Differentiating F, say, we get:
$\frac{dF}{dx} = \frac{\partial{F}}{\partial{x}} + \frac{\partial{F}}{\partial{u}} \frac{\partial{u}}{\partial{x}} + \frac{\partial{F}}{\partial{v}}\frac{\partial{v}}{\partial{x}}$
My questions:
Is this because you have $\frac{\partial{x}}{\partial{x}} = 1$, and  $\frac{\partial{y}}{\partial{x}} = \frac{\partial{z}}{\partial{x}} = 0$?

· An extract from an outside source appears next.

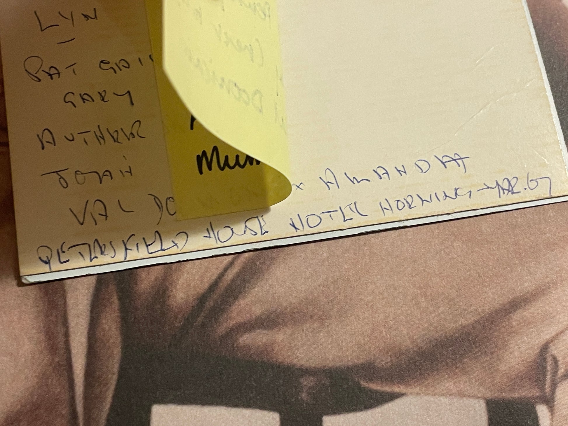 This original unique image show a group image perhaps take by Eric - on the back there is hand written notes on who they all are Michael (Tv and journalism) and Penny Grade, Gwen, Lyn, Pat, Gail, Gary, Arthur Askey (English Comedian and actor) , Joan, Val Doonican (Singer), and Amanda - at Petersfield House 1967 - 11x9cm
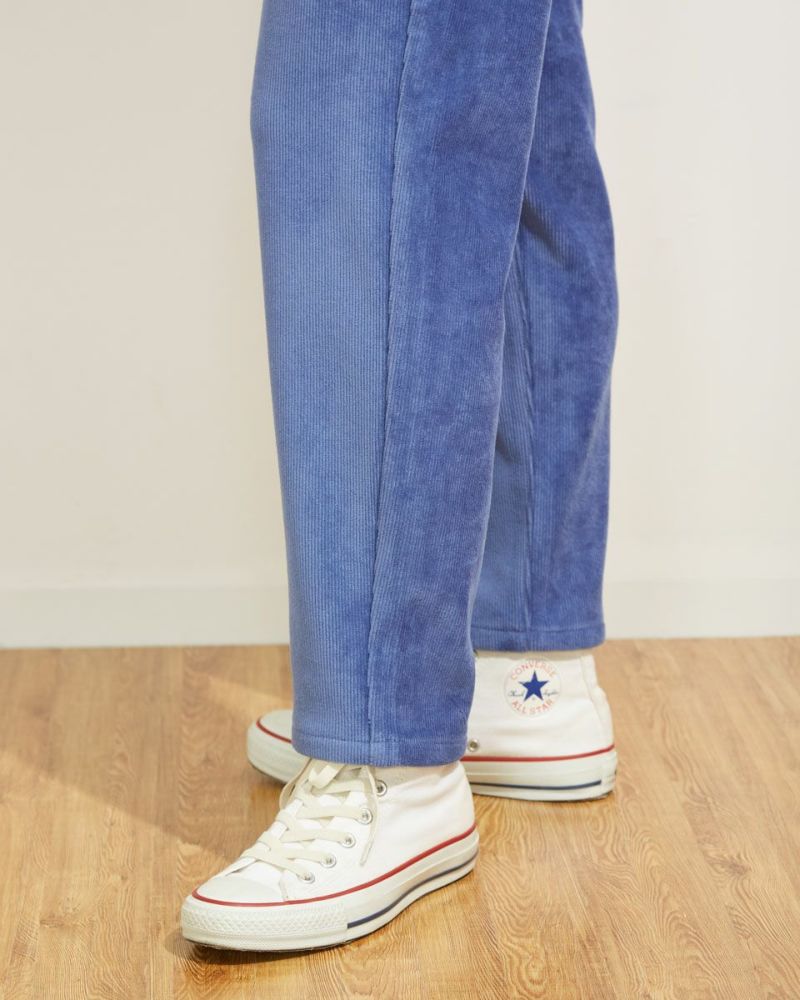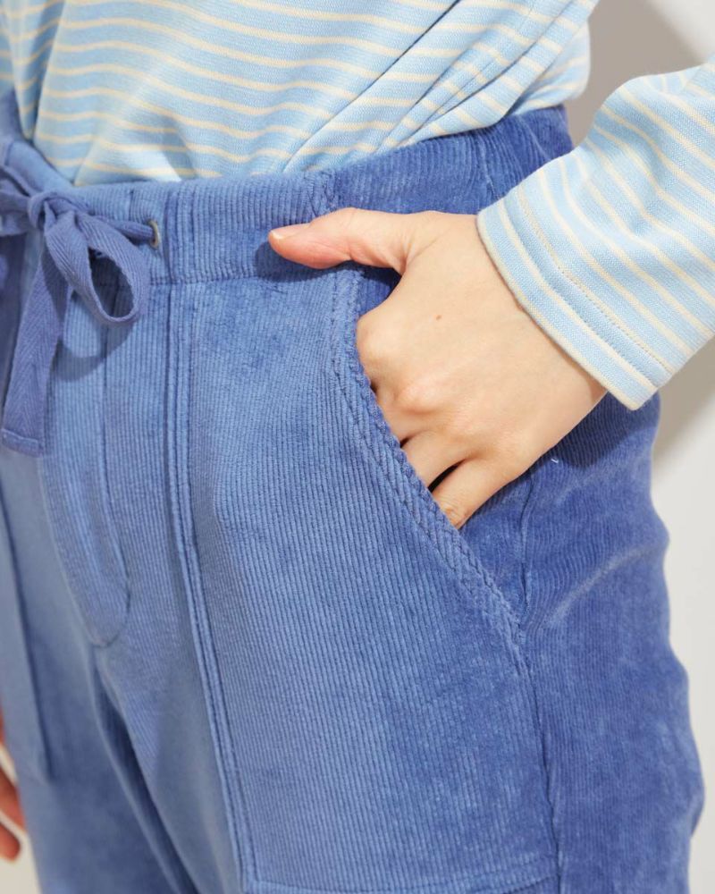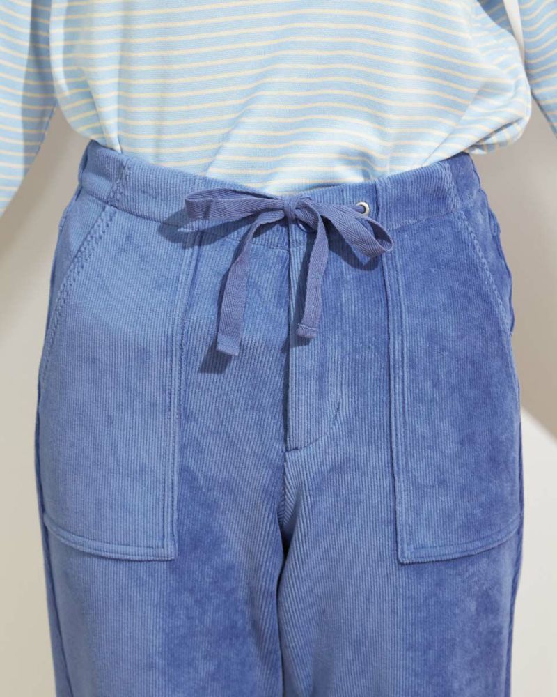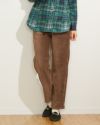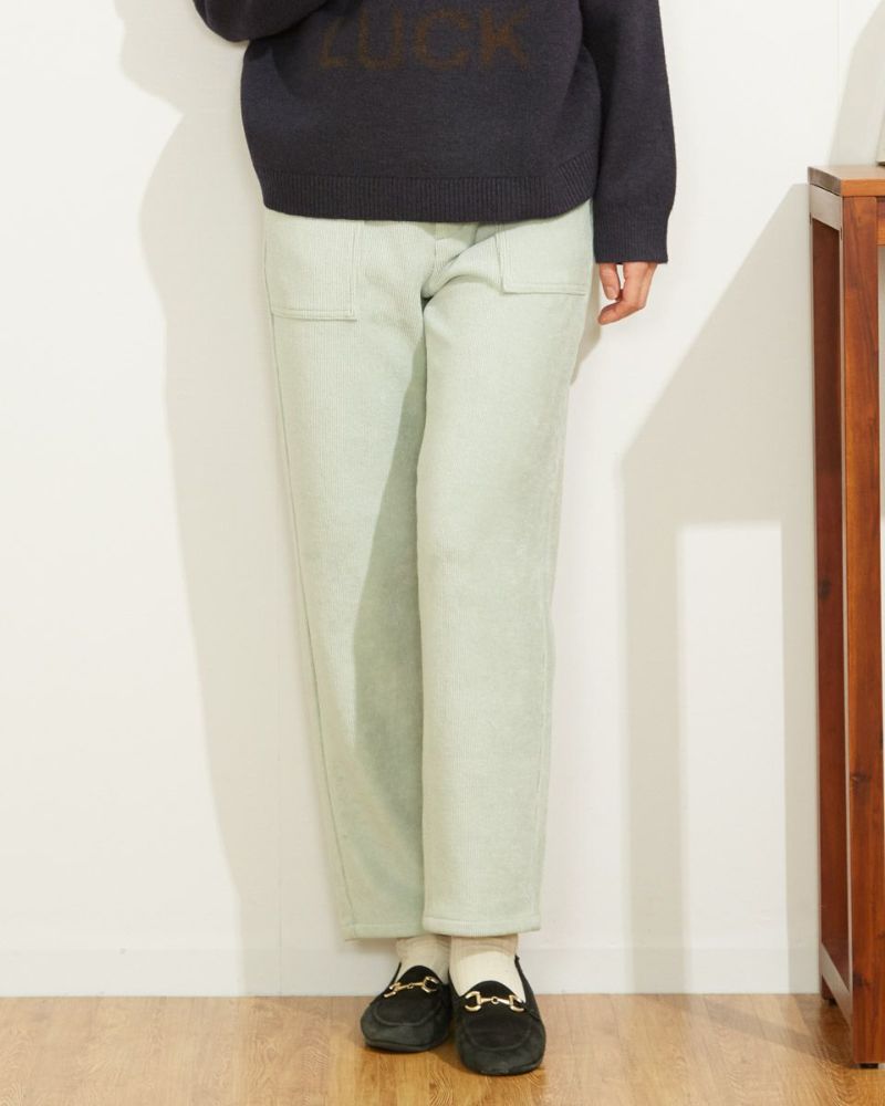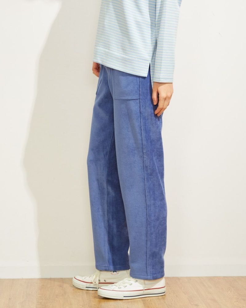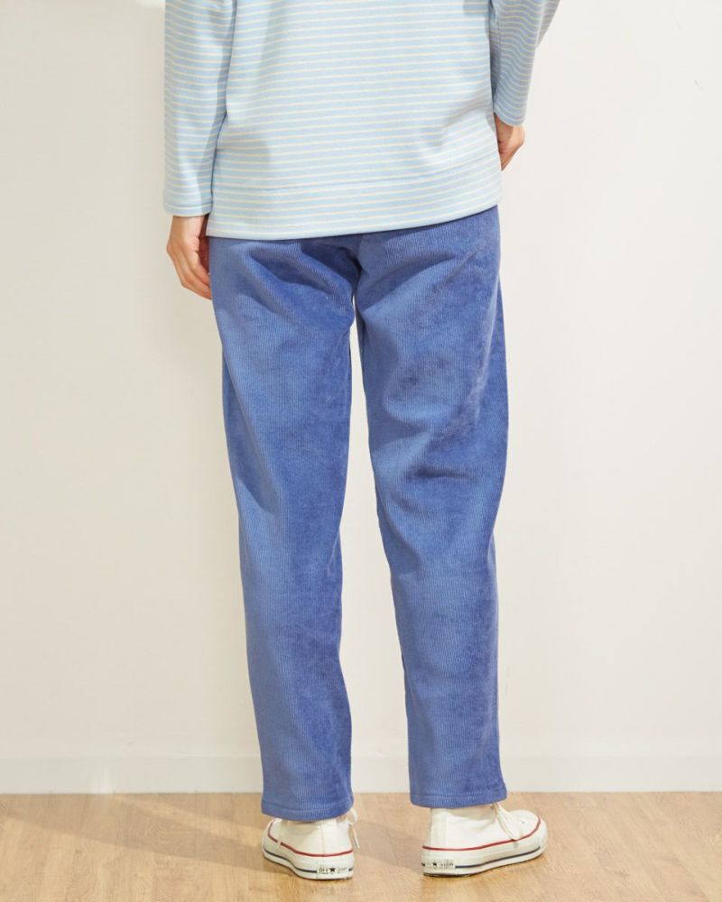 綿ポリエステルのニットコーディネートュロイで、柔らかい風合いが特徴です。前ファスナー開きでウエストベルトの切り替えは無しです。後ろのウエストのみ平ゴムを入れ、前はテープを通して、絞る事が出来ます。ベーシックなテーパードパンツに比べ、ヒップはややゆったり目です。

This seems like an obvious question but I don't really understand where the $ \frac{\partial{F}}{\partial{x}}$ term is coming from, or why is just appears here. For example if we had $f(x,y,z)=f(x(t), y(t), z(t))$, if we wanted to differentiate that with respect to t we wouldn't have an $ \frac{\partial{f}}{\partial{t}}$ term.
 A: It's just the chain rule.
Perhaps it's easier to see if you rename things a little, so that you don't use the same symbols for the coordinates as for the functions involved.
If from the function $F(x,y,z,u,v)$ you form the composed function
$$
f(r,s,t)=F\bigl(X(r,s,t),Y(r,s,t),Z(r,s,t),U(r,s,t),V(r,s,t)\bigr)
,
$$
then the chain rule says that
$$
\begin{split}
\frac{\partial f}{\partial r}(r,s,t)
&=
\frac{\partial F}{\partial x}\bigl(X(r,s,t),Y(r,s,t),Z(r,s,t),U(r,s,t),V(r,s,t)\bigr) \frac{\partial X}{\partial r}(r,s,t)
\\ &+
\frac{\partial F}{\partial y}\bigl(X(r,s,t),Y(r,s,t),Z(r,s,t),U(r,s,t),V(r,s,t)\bigr) \frac{\partial Y}{\partial r}(r,s,t)
\\ &+
\cdots
\\ &+
\cdots
\\ &+
\frac{\partial F}{\partial v}\bigl(X(r,s,t),Y(r,s,t),Z(r,s,t),U(r,s,t),V(r,s,t)\bigr) \frac{\partial V}{\partial r}(r,s,t)
.
\end{split}
$$
In your case you have
$$
X(r,s,t)=r
,\quad
Y(r,s,t)=s
,\quad
Z(r,s,t)=t
$$
and
$$
U(r,s,t)=f(r,s,t)
,\quad
V(r,s,t)=g(r,s,t)
.
$$
Then $\partial X/\partial r=1$ and $\partial Y/\partial r=\partial Z/\partial r=0$, so you're left with
$$
\begin{split}
\frac{\partial f}{\partial r}(r,s,t)
&=
\frac{\partial F}{\partial x}\bigl(X(r,s,t),Y(r,s,t),Z(r,s,t),U(r,s,t),V(r,s,t)\bigr)
\\ &+
\frac{\partial F}{\partial u}\bigl(X(r,s,t),Y(r,s,t),Z(r,s,t),U(r,s,t),V(r,s,t)\bigr) \frac{\partial f}{\partial r}(r,s,t)
\\ &+
\frac{\partial F}{\partial v}\bigl(X(r,s,t),Y(r,s,t),Z(r,s,t),U(r,s,t),V(r,s,t)\bigr) \frac{\partial g}{\partial r}(r,s,t)
,
\end{split}
$$
which is the formula that you asked about, in slightly different notation.